FIG. 2 is a schematic diagram depicting an MBMS coverage area versus a unicast (voice) coverage area,

FIG. 3 is a schematic structure of a three-layered, hierarchical cell ordering with increasing cell sizes.

DETAILED DESCRIPTION OF THE PREFERRED EMBODIMENTS

Reference will now be made in detail to the exemplary embodiments, examples of which are illustrated in the accompanying drawings, wherein like reference numerals refer to like elements throughout.

FIG. 2 generally shows an eUTRAN Base station A serving radio cells Cell A_m (MBMS coverage) and Cell A_u (Unicast coverage). It is illustrated a further eUTRAN Base station B serving Cell B_u (Unicast coverage). Additionally a further cell is shown with no special allocation to any of the depicted elements.

The illustrated MBMS coverage area from A overlaps Cell A_u as well as Cell B_u.

In contrast with UTRAN, where there is a RAN central node, the RNC, in eUTRAN there is no central node, whether for user plane or control purposes. Any activity like MBMS requiring coordination between several base stations requires signalling between them. Below we outline a coordination strategy fulfilling the purposes of MBMS.
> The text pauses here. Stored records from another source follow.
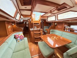 AccommodationsThe Hylas 46 has a beautiful center cockpit layout with that wonderful aft owner’s private stateroom and ensuite head and shower and an incredibly lovely pullman berth stateroom on the port side and the large head forward for guests. The walkthrough galley to starboard is classic and it works! Offshore it is safe and secure and at anchor the incredible counter space is welcome. The navigation station is forward facing on the port side facing forward with all the electronics beautifully mounted within easy reach. The salon and the entire interior is pleasing with varnished teak joinery and custom UltraSuede upholstery in a beautiful “willow” color. The cabin house has generous windows to create a light, airy and bright interior. Custom cabinetry provides ample storage and makes the vessel completely livable!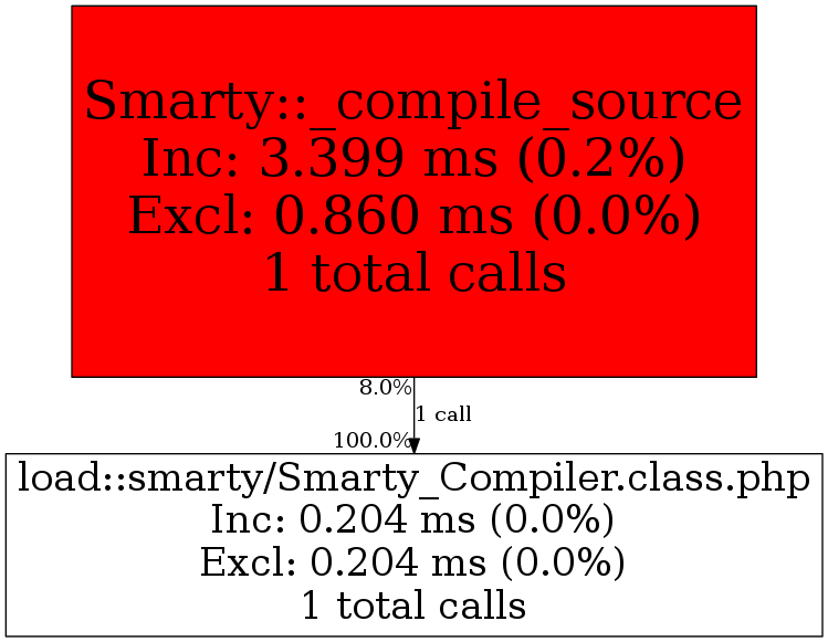 | Smarty::_compile_source | 1 | 100.0% | 204 | 100.0% | 0 | N/A% | 106,144 | 100.0% | 57,952 | 100.0% |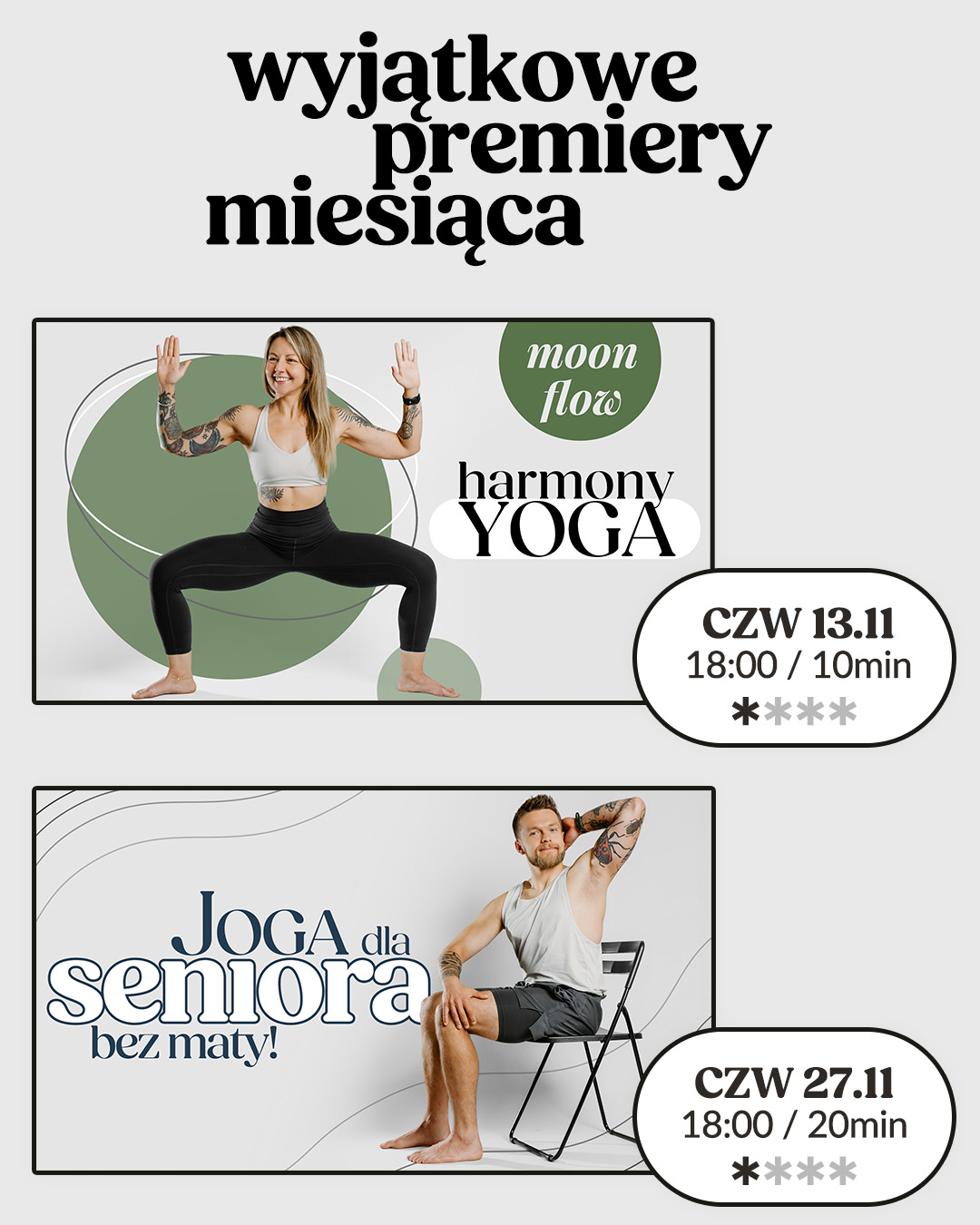 Na każdy miesiąc przygotowujemy przemyślany, spójny i inspirujący grafik ćwiczeń, na które Was zapraszamy. Dzięki temu możecie zaplanować sobie z wyprzedzeniem te, w których chcecie wziąć udział. Poniżej obecny miesiąc podzielony na kolejne tygodnie. Możesz przeglądać je przesuwając grafiki w lewo i w prawo lub klikając na kropki pod nimi. PRZEJDŹ DO YOUTUBE

For most of the mobile services, the network roll-out is capacity-driven and involves small cells building a dense coverage. This is an interesting contrast with the MBMS roll-out, coverage-driven, or very large cells.

Considering the base stations and their provided cells in a network, for the purpose of MBMS, a hierarchical cell organization is configured as represented in FIG. 3.
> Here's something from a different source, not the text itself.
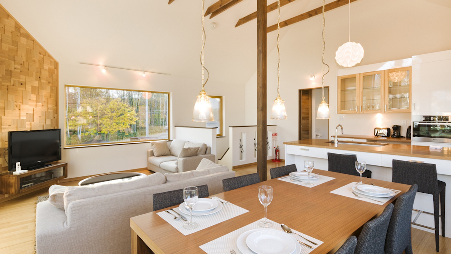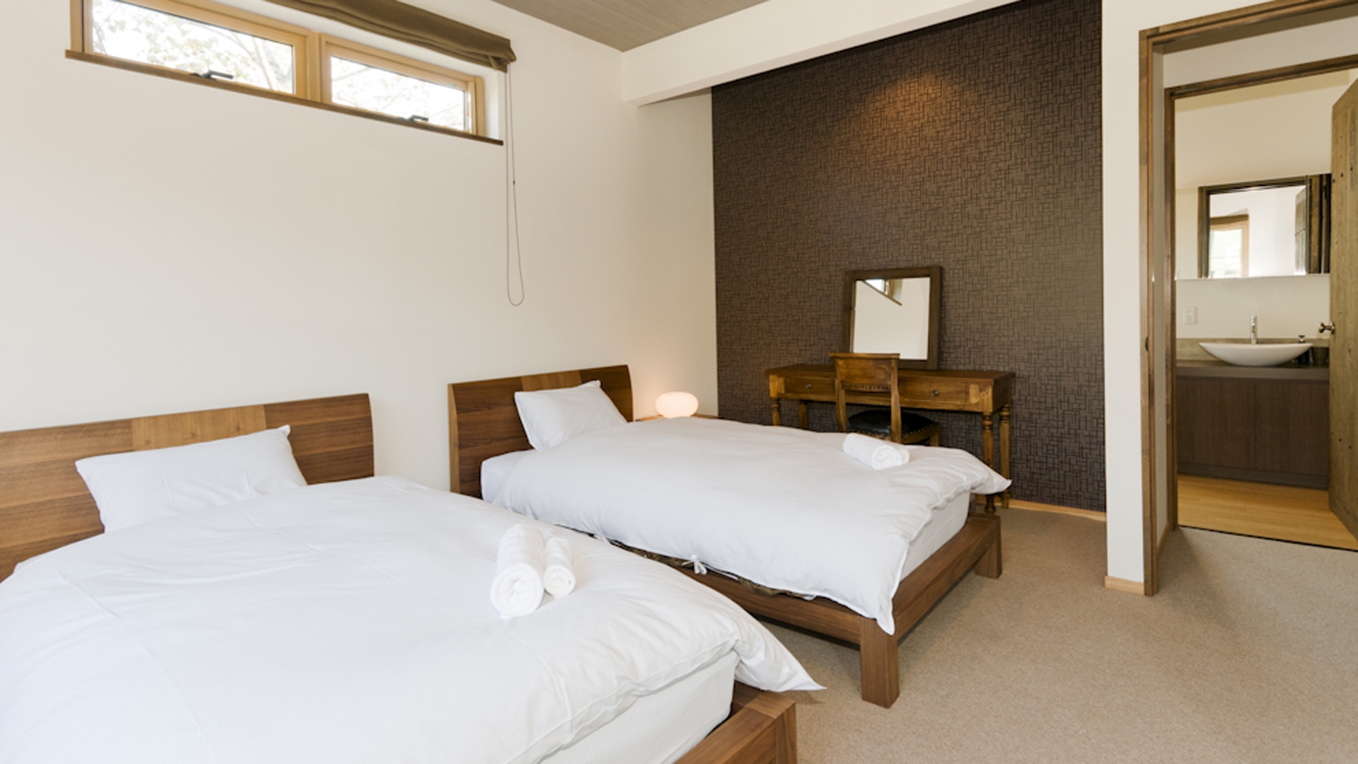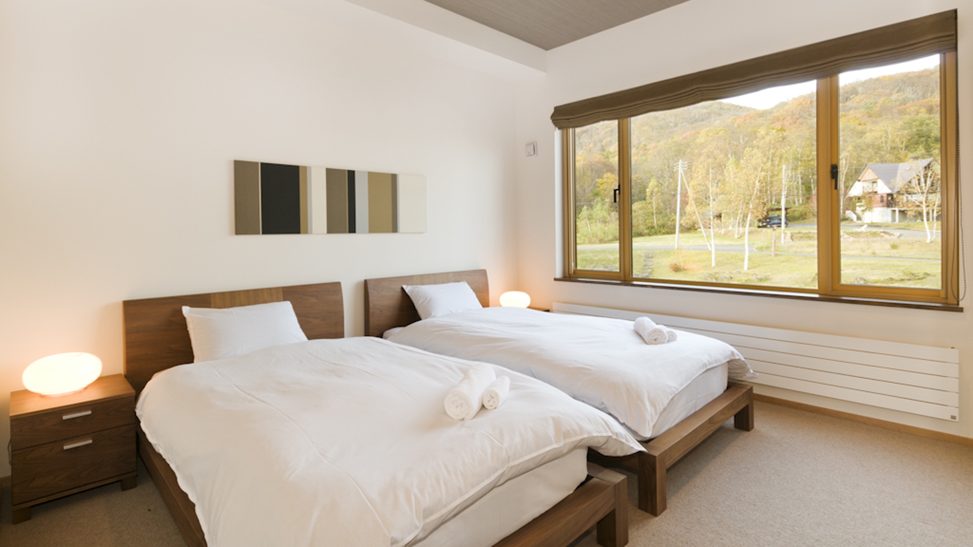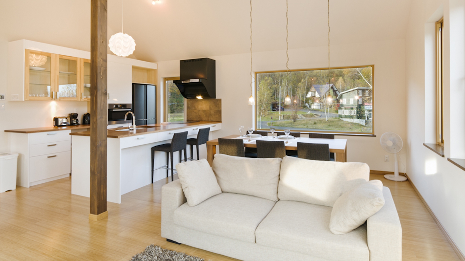 This pair of luxury family townhouses, with a spacious upstairs living area boasting great views, a fully equipped kitchen and two bedrooms downstairs, Hana & Jo are perfect for families. Your day in Hana & Jo can start with a coffee from the very popular Graubünden café, which is right next door. Then jump on the free shuttle bus stopping only meters from the property, and head to either Hirafu or Hanazono resorts. After an exhilarating day chasing powder or racing down fresh groomers, head back to relax your cosy living area, enjoy the great views of Niseko's countryside. Take a stroll into the village to enjoy Niseko's various dining options or enjoy Hokkaido's speciality dish; soup curry at Tsubara Tsubara just meters away from the property.

FIG. 3 generally depicts MBMS Hierarchical Cell Ordering.

It is shown three hierarchical cell layers Hierarchy 0, Hierarchy 1 and Hierarchy 2 with radio cells having different sizes depending on their associated hierarchical layer. A Base station e.g. BSa6 could serve several radio cells of various hierarchical layers. The radio cells of the layers are marked with signs, particularly as described below. Furthermore some so-called X-interfaces e.g. Xmm, Xm X′m among at least two base stations are depicted.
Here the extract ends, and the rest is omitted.